Внезапно перед входом в церковь, возле самой двери, загорелся огонь. Вспыхнув мгновенно, он осветил человека в балахоне, держащего искусно сделанный аккуратный факел. Этот факел, казалось, зажегся сам по себе. Тойво от неожиданности вздрогнул и заметил, что и Вилье повел себя так же. Однако вокруг больше никто не дрожал. Вероятно, это были привычные ко всему люди со стальными нервами.

— Братья и сестры! — торжественно произнес человек с факелом. Им был, конечно же, поп, он же Распорядитель.

— Христос воскрес! — вырвалось у Антикайнена. Хорошо, что шепотом, но кое-кто и этот шепот услышал, незамедлительно пихнув стволом револьвера под ребра.

— И если у кого-то остались сомнения, то он может покаянно удалиться, ибо близится Дело! — продолжил Распорядитель.

— К вам это не относится, — раздался очень тихий голос прямо между пленниками. Под капюшоном, вероятно, скрывался не кто иной, как Резчик.

«Вот уж зря!» — подумалось Тойво. — «А то я так хотел покаяться!»

Вилье, вероятно, думал так же.

Однако никто из собравшихся ни каяться, ни, тем более, уходить, не торопился. Наоборот, все они достали откуда-то свечи необычного черного окраса и принялись их поджигать, по очереди подходя к Распорядителю. Теперь всеобщее молчание было нарушено: кое-кто из людей с огоньком в глазах и пламенем, дрыгающимся на кончике фитиля, еле слышно начал переговариваться с соседями.

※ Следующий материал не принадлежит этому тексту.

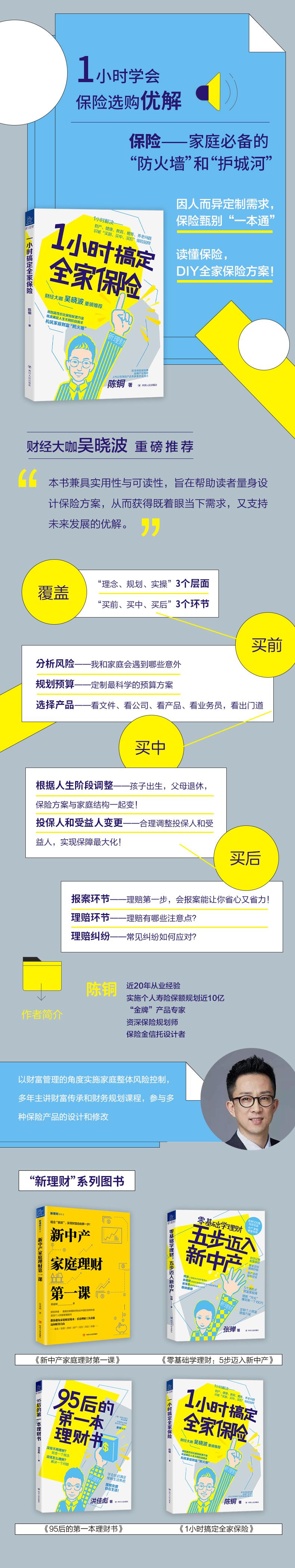 第一:保险,已成为万千家庭推荐的“防火墙”和“护城河”。 从新冠疫情到行业危机,从朋友圈“轻松筹”的无奈到ICU病房的惊人价格,有效对冲各种风险的“商业保险”,已成为万千家庭推荐的“防火墙”和“护城河”,越来越受到消费者重视。 第二:1小时学会保险选购“很优解” 复杂烦琐的保险条文看不懂? 品类繁多的保险产品不知如何选? 家庭成员有哪些不同保险需求? ——消费者最关心保险产品的“价格和有效性”。制定方案往往比选择产品更为重要。 本书为保险小白读者量身打造:介绍“理念、规划、实操”3个环节,覆盖“买前、买中、买后” 3个阶段,设计出满足当下又支持未来发展的“保险很优解”。 第三:作者权威资深 实施个人寿险保额规划近10亿、“金牌”产品专家、资深保险规划师、保险金信托设计者:陈铜老师集20年经验和心血,向读者娓娓道来,内容通俗,一看便懂。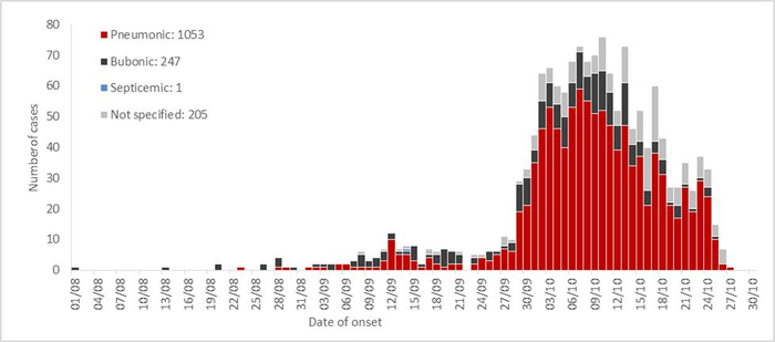 ■ 2017年8月1日至10月30日在马达加斯加报告发生的按临床分类和发病日期分列的确诊、可能和疑似鼠疫病例。
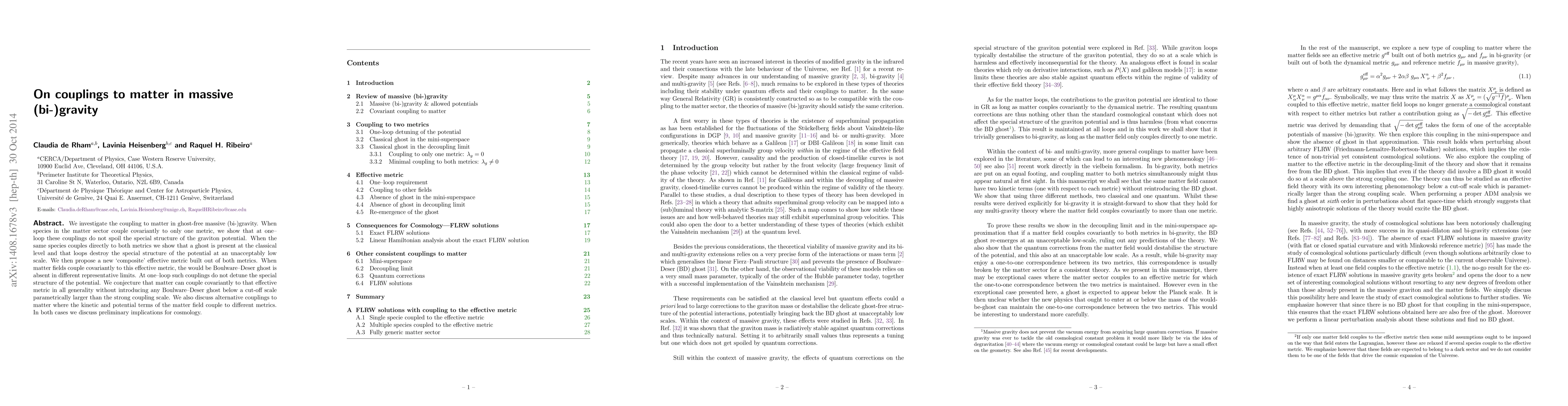 This paper explores the implications of different matter couplings in massive (bi-)gravity, showing that coupling to only one metric preserves the potential's special structure, while coupling to both metrics introduces a ghost and disrupts the potential at a low scale. A new composite metric is proposed to avoid these issues, maintaining the potential's structure and hypothesizing its applicability in broader contexts.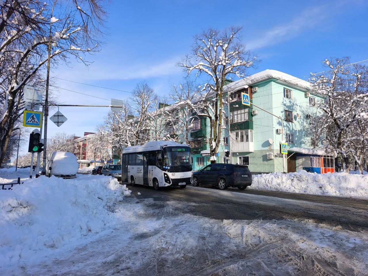 Кадры журналистов «СА» с улиц Майкопа, где идёт ликвидация последствий снегопада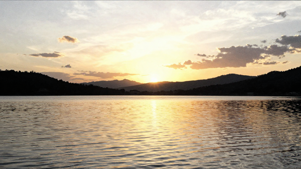 Sunset over Roopkund Lake, obsidian surface reflecting the sky.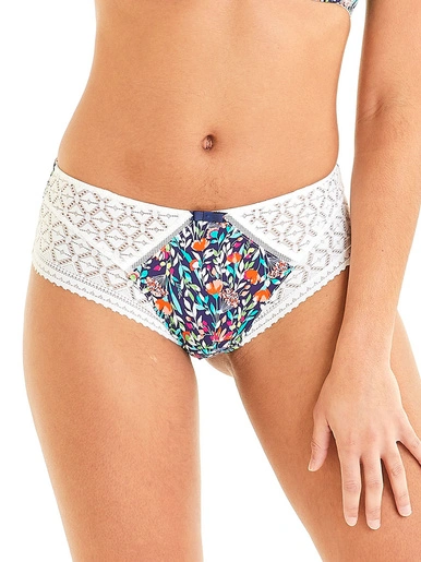 Shorty en microfibre imprimée au motif fleurs de printemps. Dentelle texturée géométrique. Noeud satin à la ceinture. Finition ouverture jambes en dentelle. Fond doublé d’un gousset 100% coton.

— Нам тоже к Распорядителю? — спросил Вилье у «умника».

Тот тоже держал зажженную свечу, которую ему милостиво предоставил кто-то из коллег. В другой руке он все так же продолжал сжимать пистолет.

— Это не Распорядитель, — ответил тот. — Это Мессир.

— Потому что он — Мессия, — объяснил Тойво.

— Потому что он служит Мессу, — заметил Резчик. — Все, довольно разговоров. Иначе, право-слово, мне хочется вас пристрелить.

Его дамы поблизости видно не было, поэтому у него, вероятно, и было скверное настроение. Впрочем, если судить по доносившимся из-под капюшонов голосам поблизости, здесь присутствовали другие дамы. Количество их не подавалось определению, но со всей долей определенности можно было заключить, что их было больше или равно двум. Скорее, конечно, больше, гораздо больше.

Между тем двери в церковь широко распахнулись, и оформленный балахонами народ потек внутрь. Парни тоже, было, пошли следом, но Резчик их попридержал.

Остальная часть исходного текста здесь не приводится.